In Romania, Leach said his staff is able to house, feed, and comfortably bed 30 people. When a construction project, already underway before the war, is completed he can house 60—and he thinks it will be used.
“We’re taking the long-term view of helping refugees,” he said. “We don’t think it’s going to be ending anytime soon. We’re preparing to work like this for a year.”
Richard Fish of Mercy Works in Texas agreed.
“When you have two million people suddenly show up at the border, that’s a problem,” he said.
“And let’s say by some miracle this war lasts 30 days and then people want to go back. How is that going to happen? We have volunteers here ready to go for three months at a time because they know that’s what it will take.”
Registered Nurse Karen Youngblood, a 16-year veteran volunteer of Mercy Works who has helped in foreign countries and domestically at the Texas border with Mexico, agreed.
“From what I’ve seen of refugee situations in the past the effect of this will last for years, not months,” she said.
Youngblood recently returned from Kurdish Iraq, where she spent six weeks among the Kurds.
Caravans of orphans are currently on the way out of Ukraine, Lascelles said.
“Today we are coordinating a caravan of 100 orphans on the road from Myropil and approaching western Ukraine. We’re serving orphans and refugees on the Poland side too, so we know they will have a place to go.
“And right now I’m assisting the evacuation and housing of refugees—from the Odesa area—trying to get out using phones, messenger, or What’s App, anything we can, to direct them.”

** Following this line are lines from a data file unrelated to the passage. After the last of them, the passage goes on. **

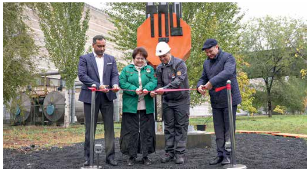
↑ После реставрации была открыта памятная стена, изготовленная первыми работниками цеха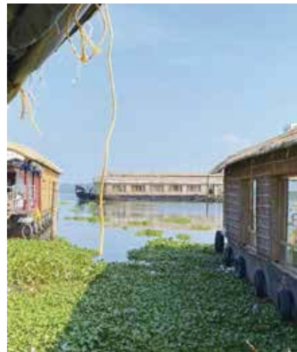
我們住的船屋通過水上人家前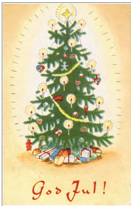
Kort nr.19, brukt 1942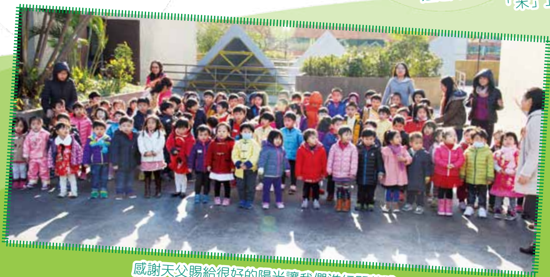
感謝天父賜給很好的陽光讓我們進行開幕禮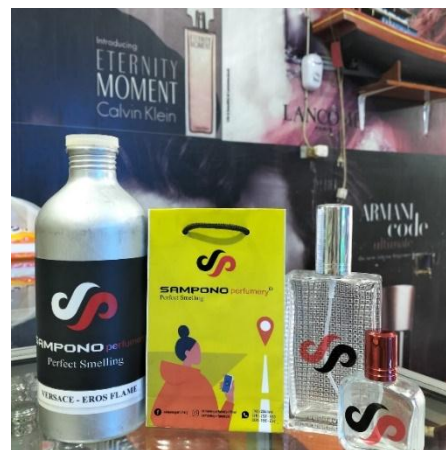
Gamabar 3.3 Bentuk promosi parfum

Pilihlah keanggunan yang sesungguhnya dengan koleksi parfum eksklusif kami. Setiap tetes parfum yang kami jual untuk memberikan pengalaman yang mengesankan, meninggalkan jejak aroma yang tak terlupakan di mana pun Anda pergi.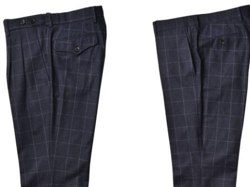
(ツーパンツスーツ生地:5種類)

* デザインが異なるスペアパンツ仕様。 今もっともトレンド性のあるデザインのパンツです。 ツータックパンツは単品使用として休日にも着用が 可能です。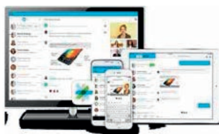
Rysunek 2. Udostępnij jedno narzędzie i spójny standard usług każdemu pracownikowi

Usługa Cisco Spark oferuje zestaw zaawansowanych rozwiązań komunikacyjnych umożliwiających kontakt w każdej formie, jakiej potrzebujesz. Być może prowadzisz start-up i korzystasz z tymczasowego rozwiązania, lub z systemu, który jest przestarzały i chcesz go unowocześnić. Być może Twoja firma już przeniosła swoją komunikację do sieci lub korzysta z usług chmurowych, ale potrzebuje bardziej zaawansowanych możliwości. Cisco Spark przeniesie Twoją komunikację na następny poziom, zapewniając korzyści jednego narzędzia biznesowego wszystkim pracownikom Twojej organizacji: jedno narzędzie, spójny standard, dla wszystkich (Rysunek 2).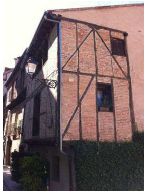
Figura 23: Entramados en Segovia.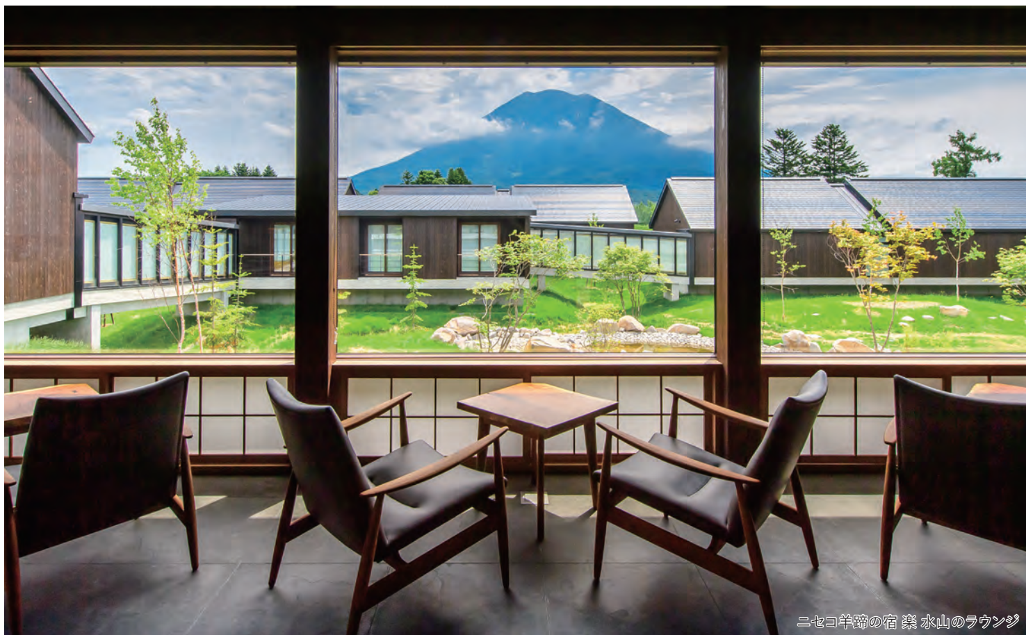
ニセコ羊蹄の宿 楽 水山のラウンジ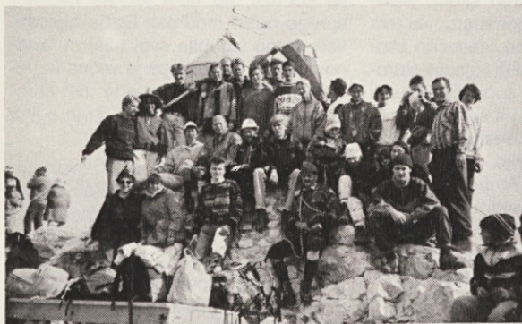
Slovenska mladina iz Stuttgarta na Triglavu 28. julija letos. Lepih doživetij s potovanja po slovenskih gorah ne morejo pozabiti.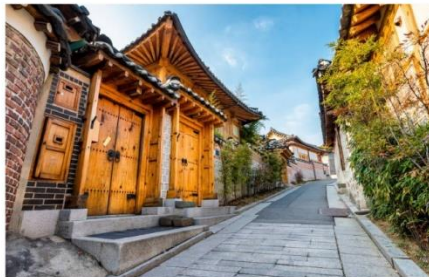
หมู่บ้านโบราณบุกชอน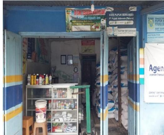
Gambar 3. Kios Saprodi Koptan BMT Barokah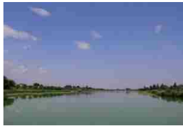
【左上：茂林寺沼及び低地湿原 右上：多々良沼，左下：城沼】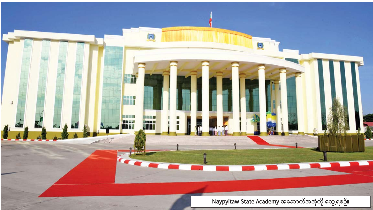
Naypyitaw State Academy အဆောက်အအုံကို တွေ့ရစဉ်။

တက္ကသိုလ်ဆိုသည်မှာ နိုင်ငံ၏ တန်ဖိုးမဖြတ်နိုင်သော ရတနာဖြစ်ပါ သည်။ တက္ကသိုလ်ကို အဆင့်မြင့် တင်မည်ဆိုလျှင် နိုင်ငံစုံမှ အဆင့်မြင့် ထိပ်တန်းတက္ကသိုလ်များကို နမူနာယူ၍ လေ့လာသင့်ပါသည်။ တက္ကသိုလ် ကောင်းတစ်ခု၏ အင်္ဂါရပ်များကို အဖွဲ့ အစည်းအသီးသီးမှ သက်ဆိုင်ရာ “စံ” သတ်မှတ်ချက်များနှင့် အကဲဖြတ်လေ့ ရှိကြပါသည်။ အများစုမှာ (၁) တက္ကသိုလ် ၏ သုတေသနအရည်အသွေး၊ (၂) ဘွဲ့ရ များ၏ အလုပ်အကိုင်အခြေအနေ၊ (၃) တက္ကသိုလ်၏ နိုင်ငံခြားဆက်ဆံရေး၊ (၄) တက္ကသိုလ်၏ ကျောင်းသားနှင့် ဆရာ အချိုးတို့ကို အဓိကအခြေခံပါသည်။

Odesa is a city of more than 2 million inhabitants located in southwestern Ukraine bordering Moldova on the west and the Black Sea.
“It’s just so crazy,” Lascelles said. “There are about 100,000 orphans in Ukraine and that tells you something about the numbers we are seeing.”
Meanwhile, 150 volunteers have lined up at Mercy Works to get to the areas in crisis, she said.